Freud helpt je om te kijken achter het gedrag. Om te luisteren naar wat niet gezegd wordt. Om zorg te bieden die niet alleen praktisch is, maar ook psychisch en menselijk.
🎓 Tot slot: Wat jij als student moet meenemen
Freud is geen eindpunt, maar een begin. Zijn theorieën zijn geen absolute waarheid, maar een uitnodiging tot diepgang. Als toekomstige hulpverlener heb je baat bij:
- Kennis van afweermechanismen
→ Zodat je begrijpt waarom cliënten soms ontwijken, ontkennen of projecteren, en hoe je daar met empathie op kunt reageren. - Inzicht in ontwikkelingsfases
→ Omdat gedrag vaak geworteld is in vroegere ervaringen. Je leert kijken naar de mens achter het gedrag. - Begrip van het onbewuste
→ Zodat je leert luisteren naar wat niet gezegd wordt. In stiltes, in herhalingen, in dromen en symboliek. - Sensitiviteit voor overdracht en tegenoverdracht
→ Want in de zorg werk je niet alleen met de ander, maar ook met jezelf. Freud leert je hoe jouw eigen geschiedenis meespeelt in het contact. - Ruimte voor symboliek en verbeelding
→ Omdat niet alles in protocollen past.

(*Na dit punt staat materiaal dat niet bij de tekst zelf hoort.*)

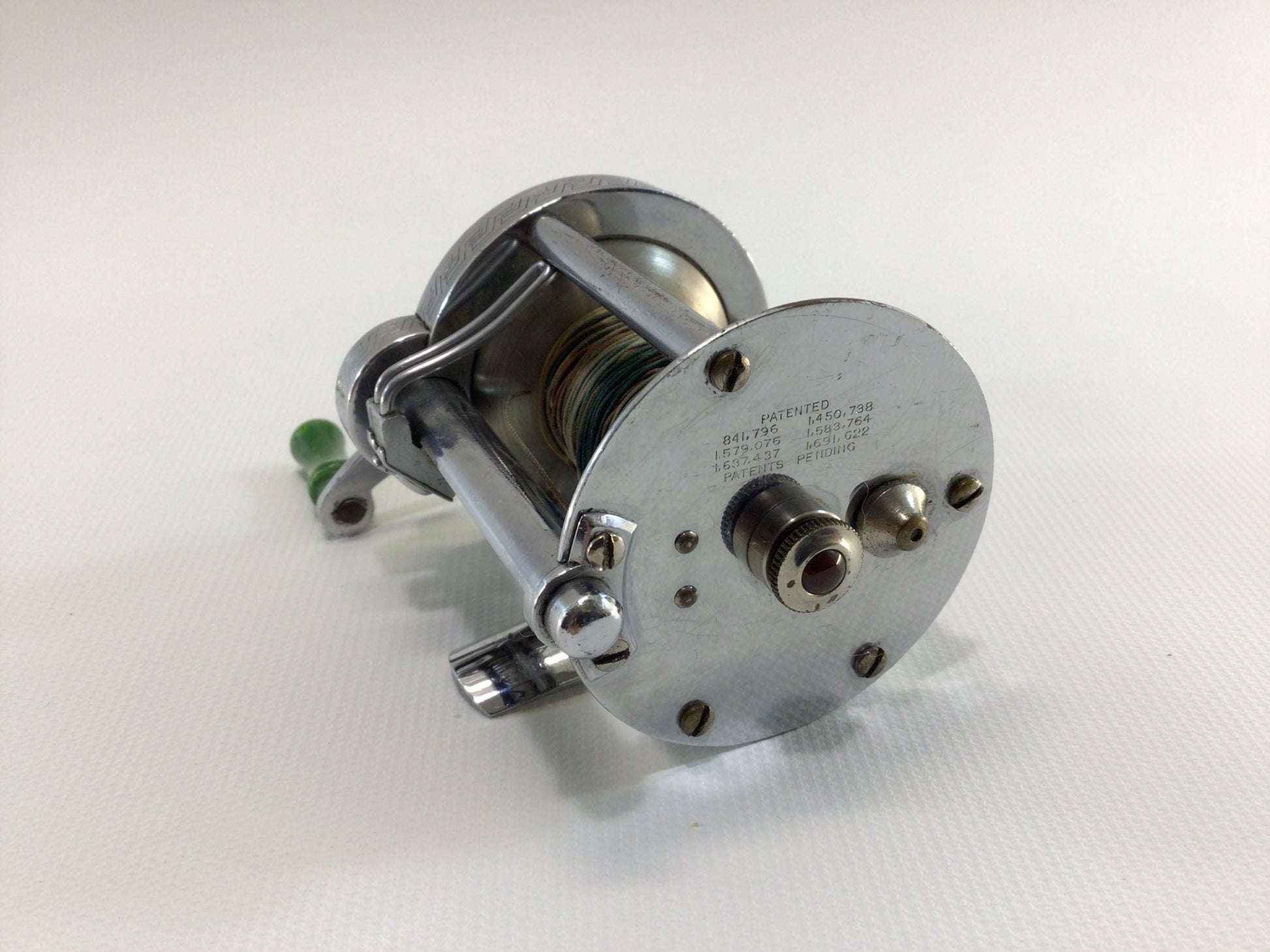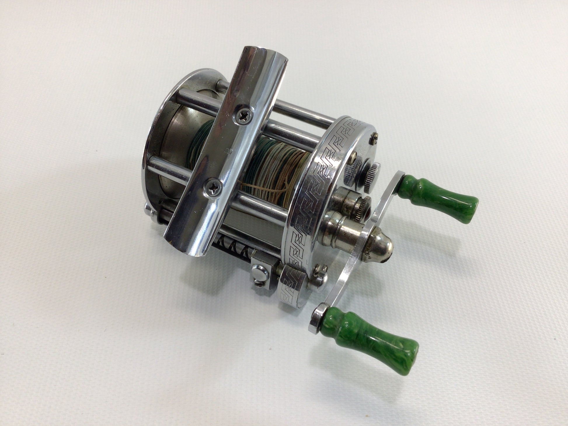 Reel is in good working condition with use wear scuffs, scratches and oxidation on some metal components. Box is worn with a broken bottom and loose label.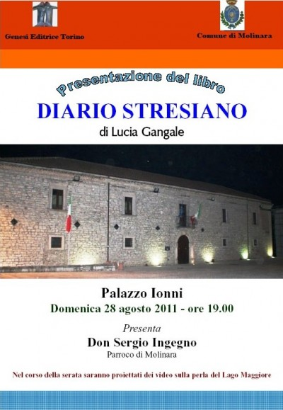 E' programmata per domenica 28 agosto, alle ore 19.00, nell'antico Palazzo Ionni di Molinara, la presentazione del libro “Diario stresiano”, nuovissimo lavoro della scrittrice, nonchè docente di Storia e Filosofia presso il Liceo Classico “Rosario Livatino” di San Marco dei Cavoti, Lucia Gangale.

Soms is een beeld, een metafoor, een ritueel krachtiger dan een gesprek. - Respect voor complexiteit
→ Freud leert je dat de mens niet eenduidig is. Dat zorg niet alleen gaat over handelingen, maar over betekenis, herinnering en innerlijke strijd.

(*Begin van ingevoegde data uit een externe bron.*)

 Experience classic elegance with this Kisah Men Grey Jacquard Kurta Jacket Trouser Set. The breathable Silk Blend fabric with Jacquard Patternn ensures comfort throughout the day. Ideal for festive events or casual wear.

In een tijd waarin zorg steeds sneller, efficiënter en technischer moet zijn, biedt Freud een tegenstem. Hij nodigt je uit om te vertragen. Om te luisteren. Om te kijken onder de oppervlakte. En om zorg te bieden die niet alleen praktisch is, maar ook psychisch, relationeel en menselijk.

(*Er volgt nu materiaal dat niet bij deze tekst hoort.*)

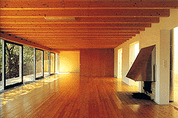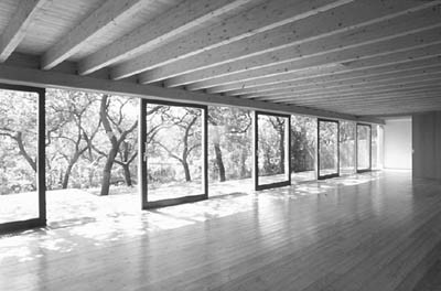 Das flache Dach ist mit Magerflora bewachsen; getragen wird es von einer dichten Schar schichtverleimter Holzbalken, die im Wohnraum sowohl Kontinuität als auch Rhythmus einbringen und beiläufig die Raumakustik verbessern. Von der verglasten Wand läßt sich jedes zweite Feld zur Seite schieben, sodaß zur visuellen auch eine räumliche Offenheit kommt.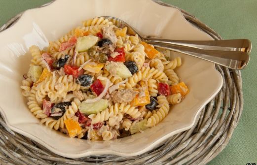 Ingrediënten: - 250 gram fusili - 1 rode en 1 groene of gele paprika - ½ tot een hele komkommer in kwart plakjes gesneden - 1 rode ui in ringen en die door de helft gesneden - 20 zwarte olijven - 1 eetlepel kappertjes - 1 blikje tonijn in olie - 4 - 6 eetlepels mayonaise - 3 [...]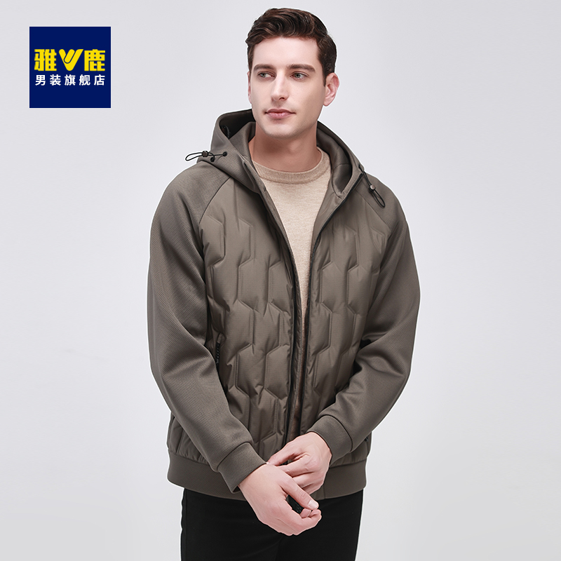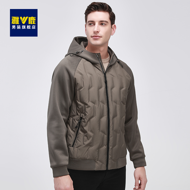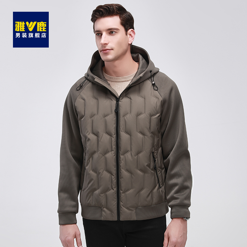 雅鹿轻薄鹅绒羽绒服男短款 轻奢轻便保暖外套 连帽商务休闲中年男士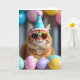 This card features a close-up portrait of a ginger cat in the foreground, its amber fur softly lit to show fine texture and a calm, slightly amused expression. A teal cone party hat with pink polka dots sits on its head, topped with a fluffy rose-colored pom‑pom, adding a light springtime mood 🌷. Pastel-tinted sunglasses cover the cat’s eyes, with frames shifting from soft pink near the nose to lime green at the outer edges, giving the face a friendly, teasing look as if sharing an inside joke. Near the top, small lettering in a pale pastel tone sits against the open background, leaving plenty of space around the cat’s head. Along the lower portion, a short line of text appears in a deeper contrasting color, centered above the blurred foreground shapes. In front of the cat, several smooth pastel eggs with tiny white dots fade into a soft blur, like little gifts set out for a friend 🐇. Behind it all, the background melts into out-of-focus round decorations in gentle spring colors, with the hat’s pink dots and the eggs’ speckles echoing each other across the scene.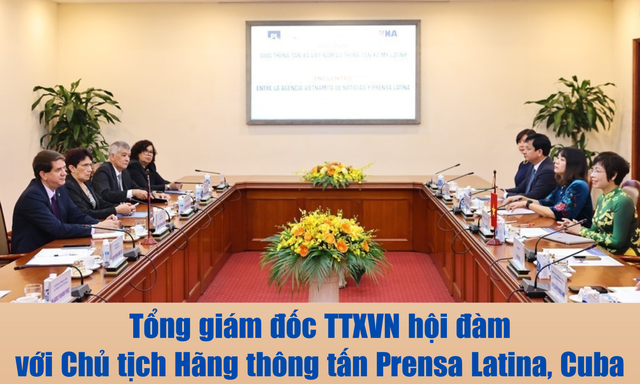 Sáng 1/12/2025, tại Hà Nội, Tổng giám đốc TTXVN Vũ Việt Trang hội đàm với đoàn lãnh đạo Hãng thông tấn Prensa Latina (Cuba) do Chủ tịch Jorge Leganõa Alonso làm trưởng đoàn.

Dus als jij straks in Crooswijk, Delfshaven of ergens anders in Rotterdam tegenover een cliënt zit die je niet begrijpt—denk dan aan Freud. Niet als antwoord, maar als ingang. Want achter elk gedrag schuilt een verhaal. En achter elk verhaal schuilt een mens.
Welkom in de diepte. Welkom in de zorg.